Were Holder the skipper of the Red Force, I submit, that abundantly talented team would probably still have finished atop the group standings in the Super50 Cup. And gone on to win the new Clive Lloyd trophy.

Photo: Barbados Pride captain Jason Holder prepares to bowl during the 2021 CG Insurance Super50 Cup in Antigua.
(Copyright CWI Media)

Had Kieron Pollard, however, been captain of the Barbados Pride, they certainly would not have been eliminated from the 2021 semi-finals.

A huge claim, I know. But I think it will stand scrutiny.

Here are Pollard’s aggregate figures: he scored 32 runs off 43 balls and took six wickets for 51 runs in nine overs. And his 5 for 17 destroyed Holder’s Pride. 

Red Force batsmen have scored three of the four centuries so far recorded in the tournament.


Here now are the Pride captain’s contributions to his team’s efforts this year: he bowled 44.4 overs, including three maidens, conceded 216 runs and took seven wickets. He scored 50 runs off 67 balls in five innings. 

And in not one of the five games did he produce anything like a match-saving—let alone match-winning—performance although he had plenty of opportunity so to do.

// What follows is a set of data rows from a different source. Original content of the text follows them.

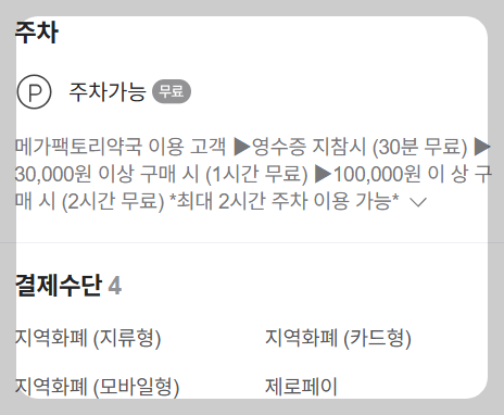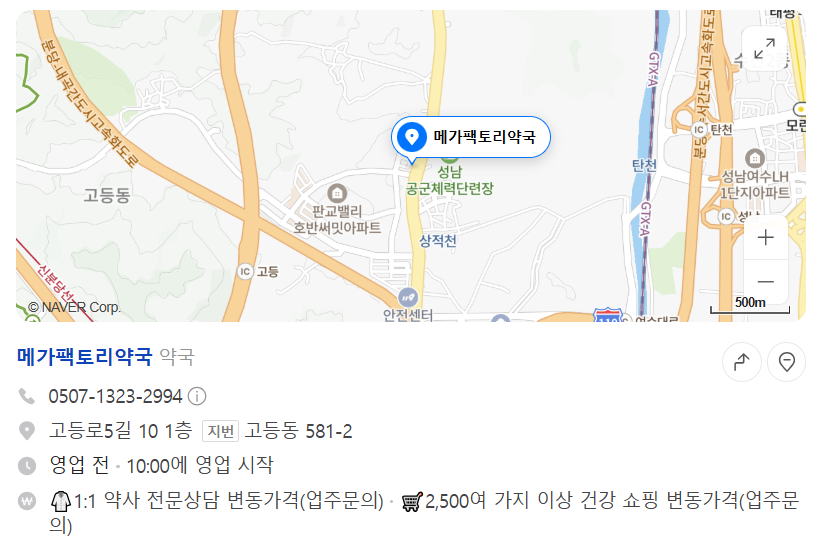 - 이용 시 유의사항: 다만, 방문객이 많을 경우 주차가 다소 혼잡할 수 있다는 후기가 있으며, 주차 공간이 일방통행으로 되어 있어 운전에 주의가 필요할 수 있습니다. 메가팩토리약국 외에 주변의 다른 공영 주차장이나 대체 주차 공간에 대한 구체적인 정보는 확인되지 않습니다.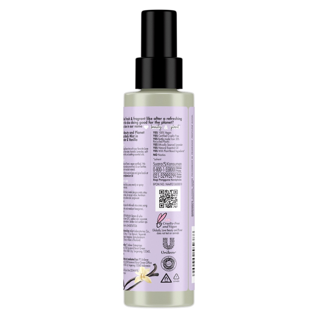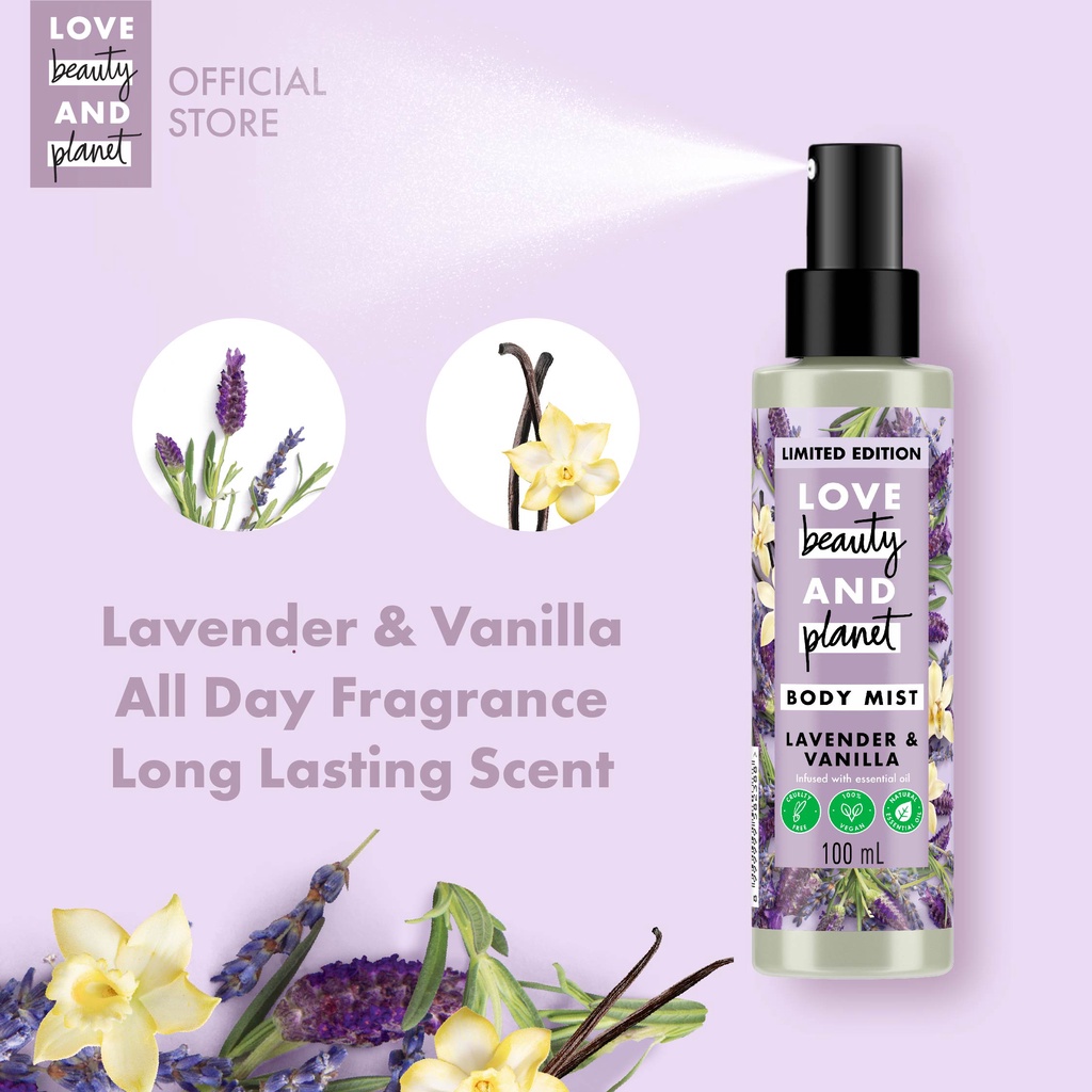 Love Beauty & Planet Body Mist Fragrance Lavender & Vanilla Natural Essential Oil 100ML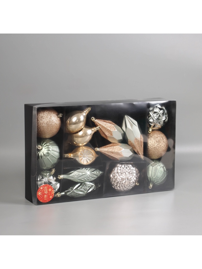 Набор из 16 ёлочных украшений в стиле шебби-шик и датского минимализма объединяет 8 шаров и 8 сосулек в спокойной зелено-коричневой гамме. Эти пластиковые игрушки создают уютную атмосферу новогоднего праздника, подчёркивая естественность и сдержанность декора.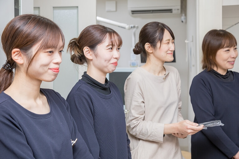 あすはな歯科医院のスタッフは全員、お子さまに恐怖心を与えないよう、あえて歯医者っぽくないワンピースを着ています。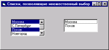 Для обработки множественного выбора нельзя использовать свойство Listindex, применяемое при работе с обычными списками. Выбор нескольких элементов списка фиксируется в свойстве Selected, являющимся массивом, размерность которого равна количеству элементов в списке (определяется свойством ListCount). Выбранному элементу списка соответствует значение True соответствующего элемента свойства selected, а остальным — False.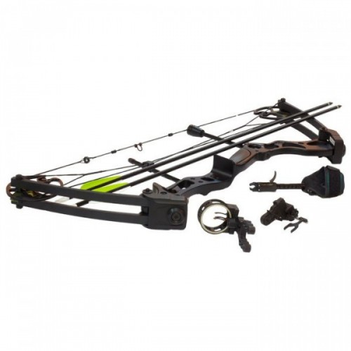 Комплектация: лук, прицел с 3 пинами, полочка, релиз, воск, пип-сайт, петелька, 2 алюминиевые стрелы.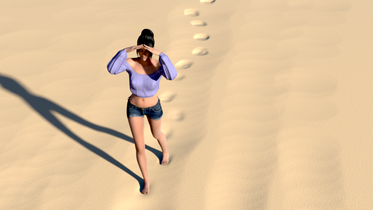 Just now looking at a Now Crowds Billboard beach scene reminded me of a problem I've often come across when using beach or desert scenes: footprints are very conspicuous in their absence. Even in the only sand product I have where there's a "footsteps" material (First Bastion's "Rolling Plains") the prints when added are barely discernable. But is it possible to create a morphable footprints product which can be applied to any sand environment? [I've also had the same thought re adding morphable streams to flat land environments].

Photo: Trinidad and Tobago Red Force captain Kieron Pollard celebrates during the 2021 CG Insurance Super50 Cup in Antigua.
(Copyright CWI Media)

That’s hardly leadership; it is, indeed, the antithesis of leadership. I found it easy to believe that the ‘mental fatigue’ he cited as part of the reason for declining the subcontinent invitation was not imagined but real.

It is what we have seen with the WI Test team for quite some time now. More and more over time, he has become merely the man in front. 

I am well aware that leadership cannot be reduced to the statistical summary of batting and bowling contributions. In cricket as in life, the leader’s job is to lift his charges above themselves. 

Brian Lara scored 11,953 runs in his 131-Test career, equal to a sizeable 20% of the runs scored by the teams on which he played. But whereas those teams won 32 matches, the teams he led won only ten of 47. 

Still, moderate success and devastating failures be damned, who can forget March 1999, the masterful 213 and unbeaten 153 crafted in consecutive innings to almost single-handedly win two matches and come within a ‘kn’ of winning a series? 

Photo: West Indies cricket star Brian Lara sweeps for four runs against Australia at the Queen’s Park Oval in Port of Spain, Trinidad on 20 April, 2003.
Behind stumps are Australian wicket keeper Adam Gilchrist (left) and Mathew Hayden.
(Copyright AFP 2014/Robert Taylor)

Or 2003 when Shivnarine Chanderpaul and Ramnaresh Sarwan led the way up to a world-record 418 in the fourth innings, Lara contributing the second highest WI aggregate in the match?

At Garry Sobers’ retirement, his 93-Tests 8,032-run aggregate was the highest of any West Indian. But that mountain of runs—supplemented by 235 wickets and 109 catches—had earned him only nine wins in the 39 matches when he captained WI. 

Remember Lord’s in 1966? WI facing defeat in the 2nd Test, struggling at 99 for 5 in the second innings. That was when Sobers’ rookie cousin David Holford joined him at the wicket, the pair putting on an unbroken 274 to earn a draw… 

Or the tense 1968 Queen’s Park Oval game when, following on 205 behind, WI were staring down the barrel of an England gun at 180 for 8. Defeat averted, #10 Wes Hall cracked up the world, telling Tony Cozier he had not been certain that Sobers had what was needed to survive!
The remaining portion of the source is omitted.